* [Given information]:
##############################
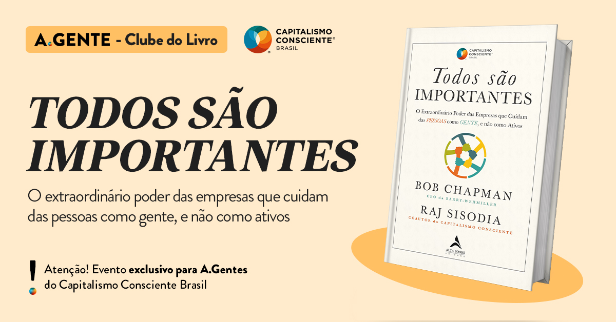 Quando pessoas se reúnem para aprender juntas, algo maior acontece: ideias ganham força, culturas se transformam e o futuro dos negócios se torna mais humano. É nesse espírito que retomamos o Clube do Livro do Capitalismo Consciente Brasil (CCB). Um espaço de reencontro, diálogo e inspiração, onde cada capítulo é um convite para refletir sobre o papel da liderança consciente e sobre o impacto de cuidar genuinamente das pessoas. Ao longo de quatro encontros online, vamos mergulhar no livro “Todos são Importantes”, de Bob Chapman e Raj Sisodia. Uma obra que mostra como as organizações podem prosperar ao colocar a dignidade humana no centro de suas decisões. Evento exclusivo para A.Gentes do Capitalismo Consciente Brasil.
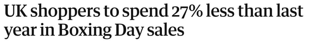 (新闻源:https://www.theguardian.com/business/2020/dec/26/uk-shoppers-to-spend-27-less-than-last-year-in-boxing-day-sales)
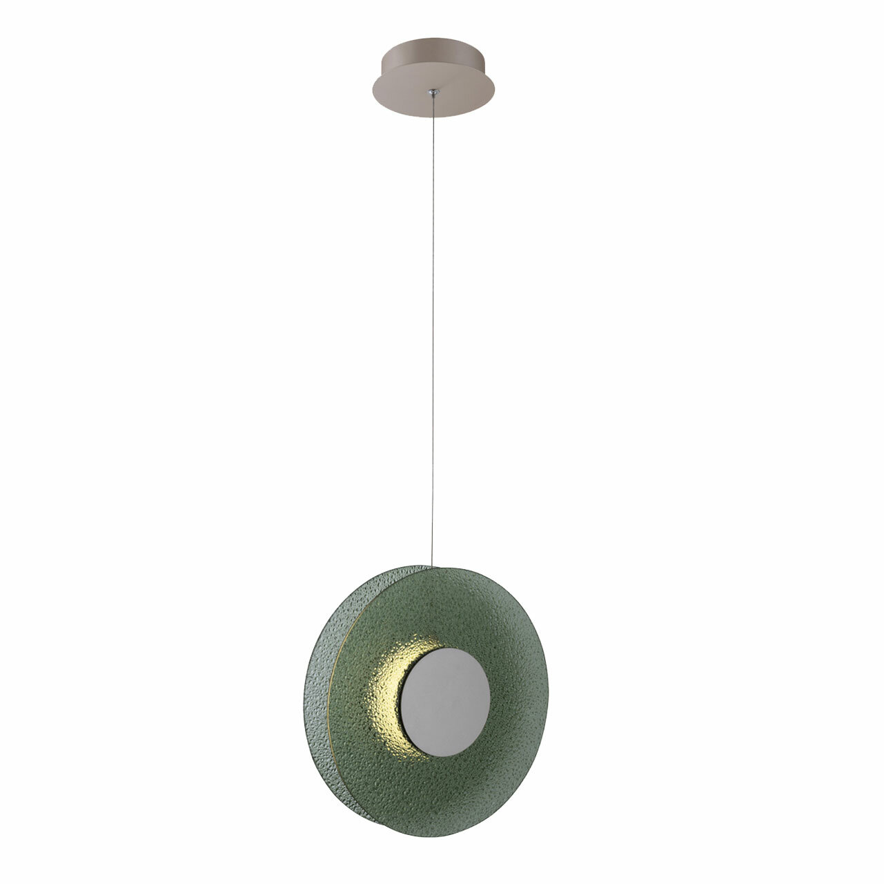 Модный цвет никеля в тренде. Качественные материалы плафона обеспечивают долговечность и надежность. Матовый акрил плафона создает комфортное освещение. Акцентный декор фактурным стеклом зеленого цвета придает подвесу изысканность и уникальность, подчеркивая его прекрасный дизайн. Возможность регулировать комфортную высоту. Светодиодные источники света экономичны и безопасны.
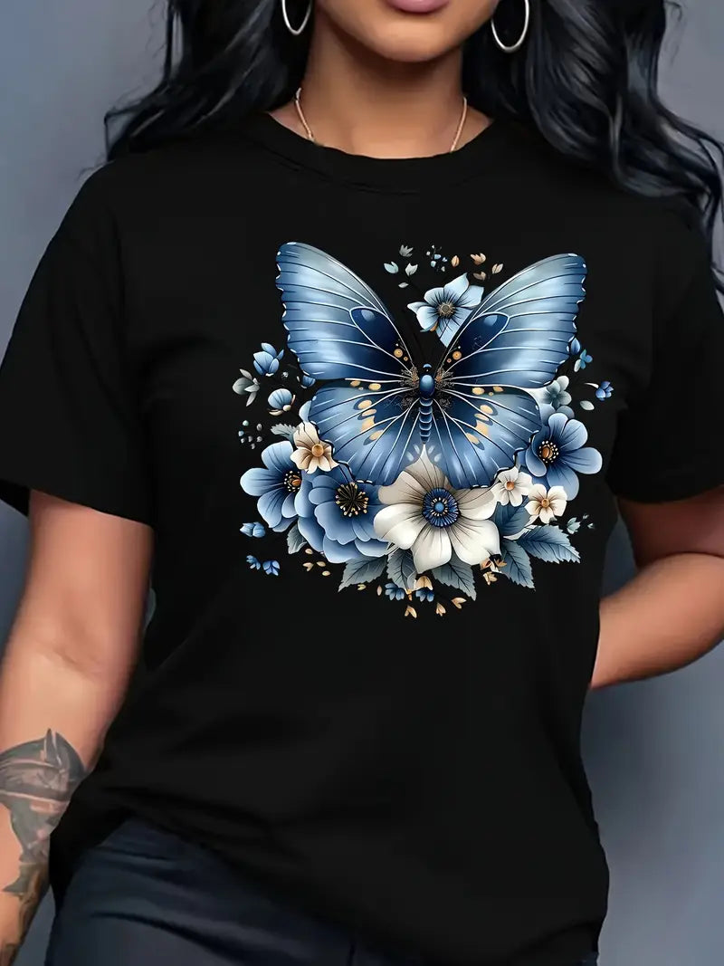 Vibrant Pink Butterfly & Floral Print Women T-Shirt
##############################
* [Assignment]:
Return the listing verbatim, pictures excluded.

* [Task result]:
 Quando pessoas se reúnem para aprender juntas, algo maior acontece: ideias ganham força, culturas se transformam e o futuro dos negócios se torna mais humano. É nesse espírito que retomamos o Clube do Livro do Capitalismo Consciente Brasil (CCB). Um espaço de reencontro, diálogo e inspiração, onde cada capítulo é um convite para refletir sobre o papel da liderança consciente e sobre o impacto de cuidar genuinamente das pessoas. Ao longo de quatro encontros online, vamos mergulhar no livro “Todos são Importantes”, de Bob Chapman e Raj Sisodia. Uma obra que mostra como as organizações podem prosperar ao colocar a dignidade humana no centro de suas decisões. Evento exclusivo para A.Gentes do Capitalismo Consciente Brasil.
 (新闻源:https://www.theguardian.com/business/2020/dec/26/uk-shoppers-to-spend-27-less-than-last-year-in-boxing-day-sales)
 Модный цвет никеля в тренде. Качественные материалы плафона обеспечивают долговечность и надежность. Матовый акрил плафона создает комфортное освещение. Акцентный декор фактурным стеклом зеленого цвета придает подвесу изысканность и уникальность, подчеркивая его прекрасный дизайн. Возможность регулировать комфортную высоту. Светодиодные источники света экономичны и безопасны.
 Vibrant Pink Butterfly & Floral Print Women T-Shirt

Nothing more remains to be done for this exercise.